Total database accesses: 186, total allocated memory: 472

This plan shows that the previously created range index on the name property is now used to solve the predicate.

Text indexes and type predicate expressions

Text indexes require that predicates only include STRING properties.

To use text indexes in situations where any of the queried properties may be either of an incompatible type or null rather than a STRING value, add the type predicate expression IS :: STRING NOT NULL (or its alias, introduced in Neo4j 5.14, IS :: STRING!) to the query. This will enforce both the existence of a property and its STRING type, discarding any rows where the property is missing or not of type STRING, and thereby enable the use of text indexes.

For example, if the WHERE predicate in the previous query is altered to instead append IS :: STRING NOT NULL, then the text index rather than the range index is used (range indexes do not support type predicate expressions):

Query using a type predicate expression
PROFILE
MATCH (n:PointOfInterest)
WHERE n.name IS :: STRING NOT NULL
RETURN count(n) AS nodes
Execution plan
+-------------------+----+-----------------------------------------------------------+----------------+------+---------+----------------+------------------------+-----------+---------------------+
| Operator          | Id | Details                                                   | Estimated Rows | Rows | DB Hits | Memory (Bytes) | Page Cache Hits/Misses | Time (ms) | Pipeline            |
+-------------------+----+-----------------------------------------------------------+----------------+------+---------+----------------+------------------------+-----------+---------------------+
| +ProduceResults   |  0 | nodes                                                     |              1 |    1 |       0 |              0 |                    0/0 |     0.009 | In Pipeline 1       |
| |                 +----+-----------------------------------------------------------+----------------+------+---------+----------------+------------------------+-----------+---------------------+
| +EagerAggregation |  1 | count(n) AS nodes                                         |              1 |    1 |       0 |             32 |                        |           |                     |
| |                 +----+-----------------------------------------------------------+----------------+------+---------+----------------+                        |           |                     |
| +NodeIndexScan    |  2 | TEXT INDEX n:PointOfInterest(name) WHERE name IS NOT NULL |            185 |  185 |     186 |            376 |                    0/0 |     0.343 | Fused in Pipeline 0 |
+-------------------+----+-----------------------------------------------------------+----------------+------+---------+----------------+------------------------+-----------+---------------------+

Total database accesses: 186, total allocated memory: 472
While type predicate expressions were introduced in Neo4j 5.9, the IS :: STRING NOT NULL syntax only became an index-compatible predicate in Neo4j 5.15. For more information, see the page about type predicate expressions.

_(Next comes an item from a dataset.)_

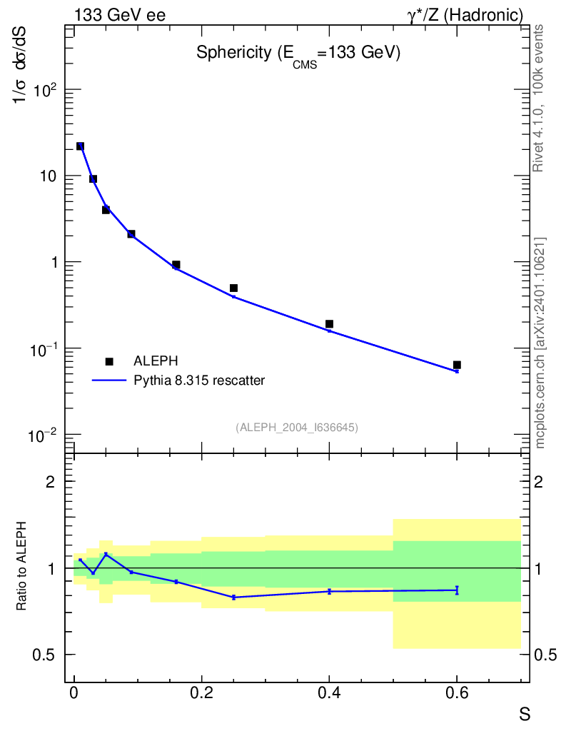 Lines: data, pythia8 8.315 rescatter |
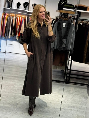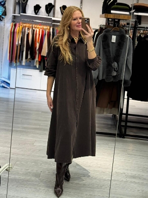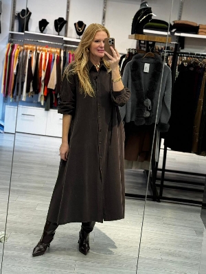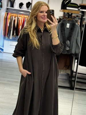 İtalyan Kahve Renk Manşet Kol Gömlek Elbise

The toString function can also be used to convert an expression to STRING values, and thereby help the planner to select a text index.

Type constraints

For indexes that are compatible only with specific types (i.e. text and point indexes), the Cypher planner needs to deduce that a predicate will evaluate to null for non-compatible values in order to use the index. If a predicate is not explicitly defined as the required type (STRING or POINT), this can lead to situations where a text or point index is not used.

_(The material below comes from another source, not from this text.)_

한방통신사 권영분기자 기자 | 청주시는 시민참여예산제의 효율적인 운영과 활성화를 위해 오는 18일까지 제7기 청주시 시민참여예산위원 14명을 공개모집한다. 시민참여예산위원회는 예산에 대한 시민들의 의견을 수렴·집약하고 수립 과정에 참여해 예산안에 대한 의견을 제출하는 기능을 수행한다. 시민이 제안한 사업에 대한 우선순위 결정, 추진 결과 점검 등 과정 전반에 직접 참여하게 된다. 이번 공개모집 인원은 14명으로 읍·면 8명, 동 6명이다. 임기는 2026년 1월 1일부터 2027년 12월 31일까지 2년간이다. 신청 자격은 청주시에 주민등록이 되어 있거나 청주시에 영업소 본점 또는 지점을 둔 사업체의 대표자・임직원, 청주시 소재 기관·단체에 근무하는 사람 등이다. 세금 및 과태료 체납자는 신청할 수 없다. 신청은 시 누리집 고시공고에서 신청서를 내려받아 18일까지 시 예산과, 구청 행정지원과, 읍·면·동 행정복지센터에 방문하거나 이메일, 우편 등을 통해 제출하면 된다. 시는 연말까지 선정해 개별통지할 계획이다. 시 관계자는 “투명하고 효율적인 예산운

Since type constraints guarantee that a property is always of the same type, they can be used to extend the scenarios in which text and point indexes are compatible with a predicate.

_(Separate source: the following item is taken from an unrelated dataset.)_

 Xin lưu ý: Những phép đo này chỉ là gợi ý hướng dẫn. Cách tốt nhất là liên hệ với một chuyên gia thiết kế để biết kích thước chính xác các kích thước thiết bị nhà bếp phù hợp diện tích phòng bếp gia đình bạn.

To show this, the following example will first drop the existing range index on the name property (this is necessary because type constraints only extend the compatibility of type-specific indexes - range indexes are not limited by a value type). It will then run the same query with a WHERE predicate on the name property (for which there exists a previously created text index) before and after creating a type constraint, and compare the resulting execution plans.

Drop range index
DROP INDEX range_index_name
Query to count PointOfInterest nodes without a null name value
PROFILE
MATCH (n:PointOfInterest)
WHERE n.name IS NOT NULL
RETURN count(n) AS nodes
Execution plan
+-------------------+----+--------------------+----------------+------+---------+----------------+------------------------+-----------+---------------------+
| Operator          | Id | Details            | Estimated Rows | Rows | DB Hits | Memory (Bytes) | Page Cache Hits/Misses | Time (ms) | Pipeline            |
+-------------------+----+--------------------+----------------+------+---------+----------------+------------------------+-----------+---------------------+
| +ProduceResults   |  0 | nodes              |              1 |    1 |       0 |              0 |                    0/0 |     0.012 | In Pipeline 1       |
| |                 +----+--------------------+----------------+------+---------+----------------+------------------------+-----------+---------------------+
| +EagerAggregation |  1 | count(n) AS nodes  |              1 |    1 |       0 |             32 |                        |           |                     |
| |                 +----+--------------------+----------------+------+---------+----------------+                        |           |                     |
| +Filter           |  2 | n.name IS NOT NULL |            187 |  185 |     373 |                |                        |           |                     |
| |                 +----+--------------------+----------------+------+---------+----------------+                        |           |                     |
| +NodeByLabelScan  |  3 | n:PointOfInterest  |            188 |  188 |     189 |            376 |                  259/0 |     0.363 | Fused in Pipeline 0 |
+-------------------+----+--------------------+----------------+------+---------+----------------+------------------------+-----------+---------------------+

Total database accesses: 562, total allocated memory: 472

This plan shows that the available text index on the name property was not used to solve the predicate. This is because the planner was not able to deduce that all name values are of type STRING.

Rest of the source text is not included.